_PROBLEM REQUIREMENTS_:
What you write must match, character for character, the lines from the one with "Each displayed artwork" down to the one with "แหวนแต่งงานหรูหราชุบทองคำขาว 18K ประดับเพชร" in the listing below, minus its pictures.

_STORED DATA_:
┌────────

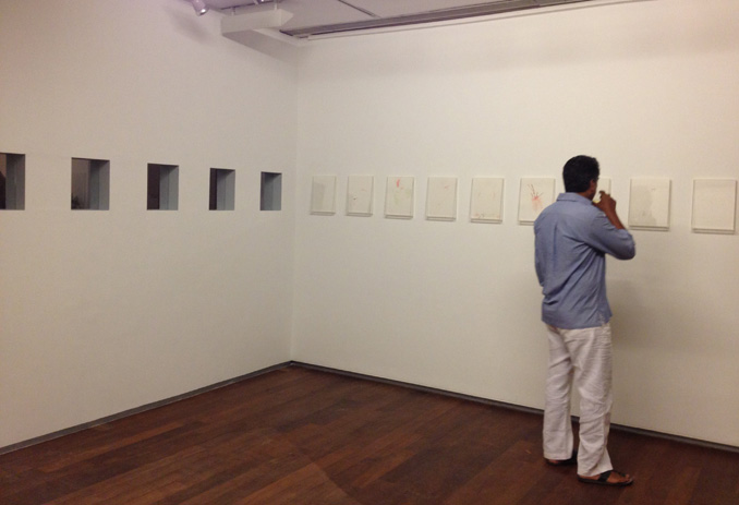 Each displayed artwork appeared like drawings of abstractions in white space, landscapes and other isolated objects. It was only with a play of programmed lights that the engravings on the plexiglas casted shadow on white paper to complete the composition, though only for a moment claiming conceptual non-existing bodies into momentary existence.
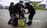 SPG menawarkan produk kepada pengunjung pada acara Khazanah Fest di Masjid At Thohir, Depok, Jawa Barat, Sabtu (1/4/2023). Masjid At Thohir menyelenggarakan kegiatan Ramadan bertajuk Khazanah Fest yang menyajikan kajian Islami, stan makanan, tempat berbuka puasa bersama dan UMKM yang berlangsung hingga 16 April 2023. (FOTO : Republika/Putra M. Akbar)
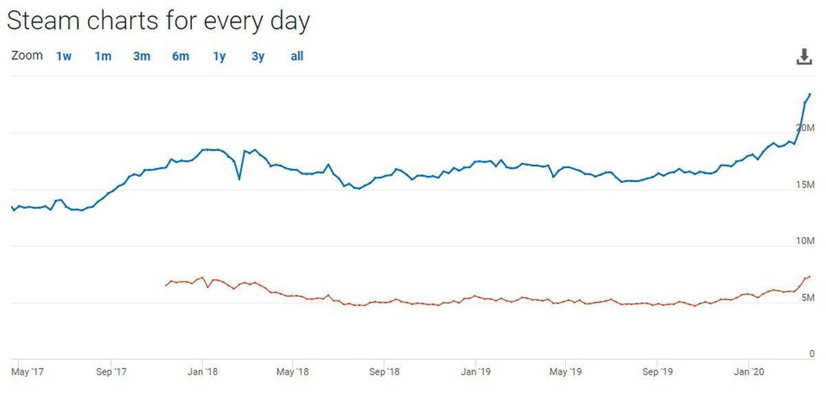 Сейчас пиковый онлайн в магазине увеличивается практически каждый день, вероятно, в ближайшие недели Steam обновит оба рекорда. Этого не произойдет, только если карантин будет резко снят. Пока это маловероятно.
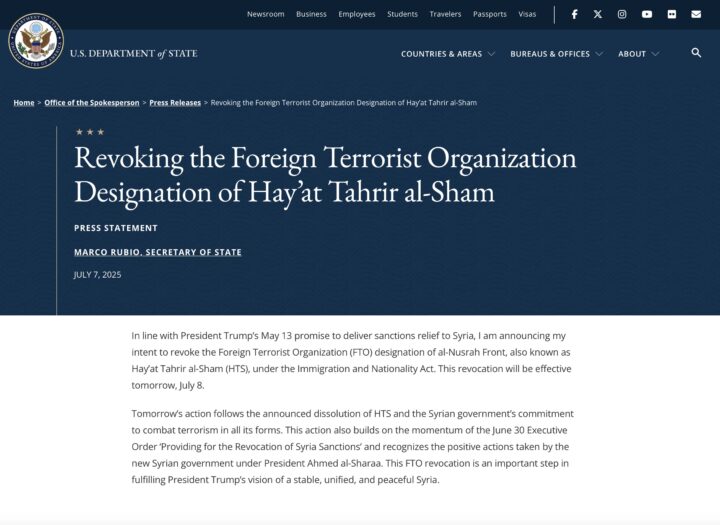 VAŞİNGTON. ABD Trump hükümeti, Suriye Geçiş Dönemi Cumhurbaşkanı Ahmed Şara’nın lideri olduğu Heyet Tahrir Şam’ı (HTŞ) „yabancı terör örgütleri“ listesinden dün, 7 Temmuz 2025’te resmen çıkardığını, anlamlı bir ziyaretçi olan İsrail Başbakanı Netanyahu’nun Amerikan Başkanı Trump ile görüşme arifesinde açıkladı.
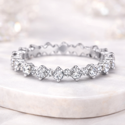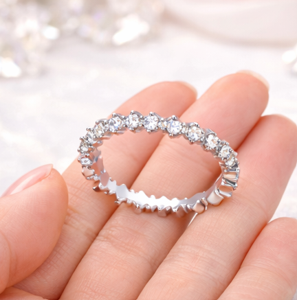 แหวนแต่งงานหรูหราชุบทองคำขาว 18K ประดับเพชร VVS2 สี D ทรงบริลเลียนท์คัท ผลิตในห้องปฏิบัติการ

└────────
┌────────

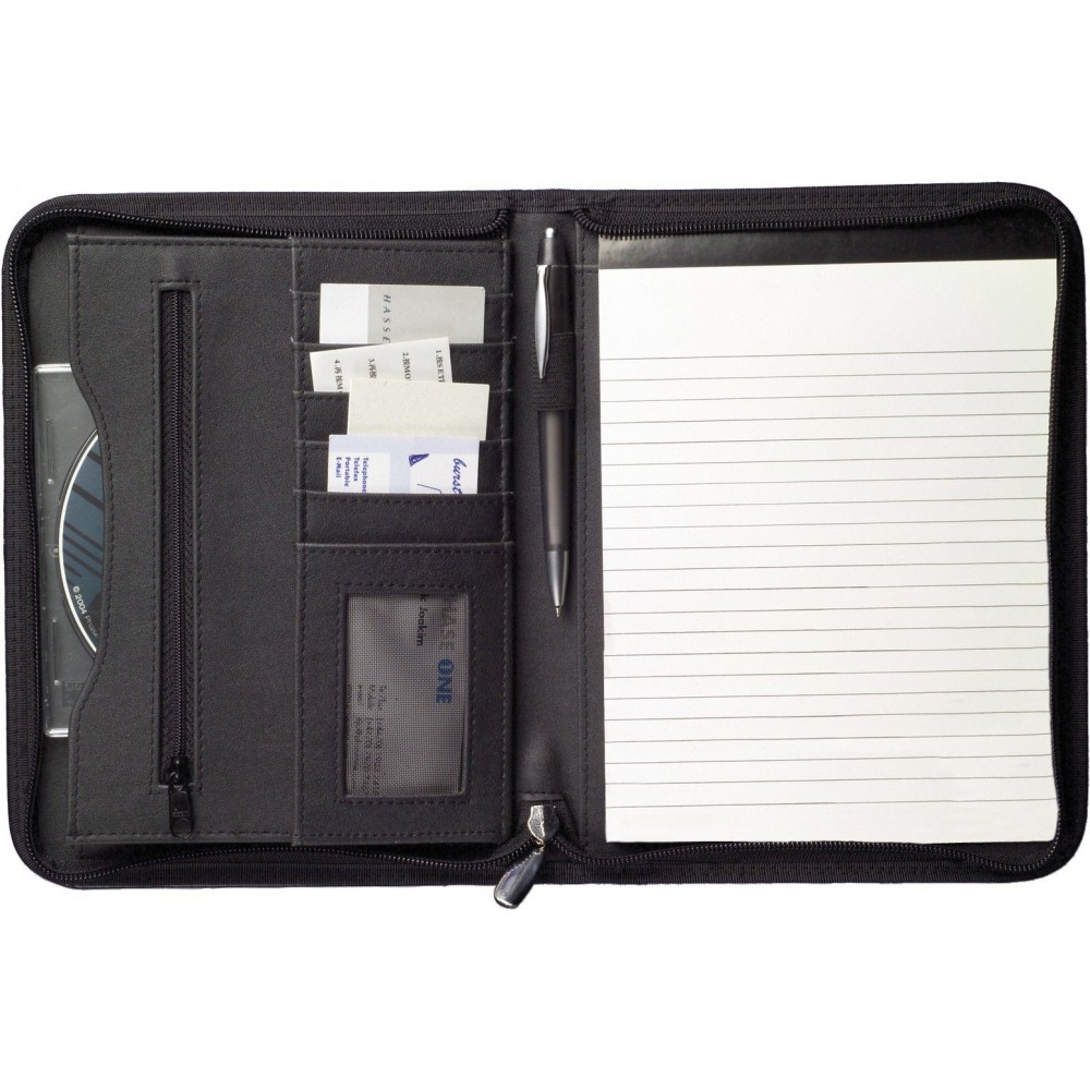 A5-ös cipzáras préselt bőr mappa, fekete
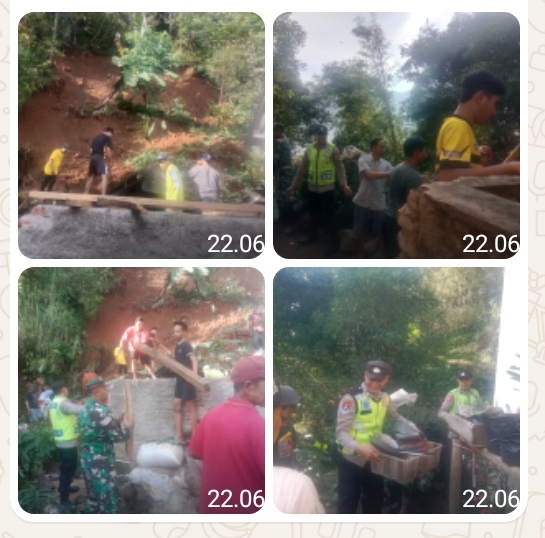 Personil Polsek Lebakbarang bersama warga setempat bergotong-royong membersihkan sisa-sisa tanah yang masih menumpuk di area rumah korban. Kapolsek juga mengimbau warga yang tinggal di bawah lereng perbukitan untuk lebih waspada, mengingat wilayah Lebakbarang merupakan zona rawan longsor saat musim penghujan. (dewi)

└────────

_OUTPUT OF THE EXERCISE_:
 Each displayed artwork appeared like drawings of abstractions in white space, landscapes and other isolated objects. It was only with a play of programmed lights that the engravings on the plexiglas casted shadow on white paper to complete the composition, though only for a moment claiming conceptual non-existing bodies into momentary existence.
 SPG menawarkan produk kepada pengunjung pada acara Khazanah Fest di Masjid At Thohir, Depok, Jawa Barat, Sabtu (1/4/2023). Masjid At Thohir menyelenggarakan kegiatan Ramadan bertajuk Khazanah Fest yang menyajikan kajian Islami, stan makanan, tempat berbuka puasa bersama dan UMKM yang berlangsung hingga 16 April 2023. (FOTO : Republika/Putra M. Akbar)
 Сейчас пиковый онлайн в магазине увеличивается практически каждый день, вероятно, в ближайшие недели Steam обновит оба рекорда. Этого не произойдет, только если карантин будет резко снят. Пока это маловероятно.
 VAŞİNGTON. ABD Trump hükümeti, Suriye Geçiş Dönemi Cumhurbaşkanı Ahmed Şara’nın lideri olduğu Heyet Tahrir Şam’ı (HTŞ) „yabancı terör örgütleri“ listesinden dün, 7 Temmuz 2025’te resmen çıkardığını, anlamlı bir ziyaretçi olan İsrail Başbakanı Netanyahu’nun Amerikan Başkanı Trump ile görüşme arifesinde açıkladı.
 แหวนแต่งงานหรูหราชุบทองคำขาว 18K ประดับเพชร VVS2 สี D ทรงบริลเลียนท์คัท ผลิตในห้องปฏิบัติการ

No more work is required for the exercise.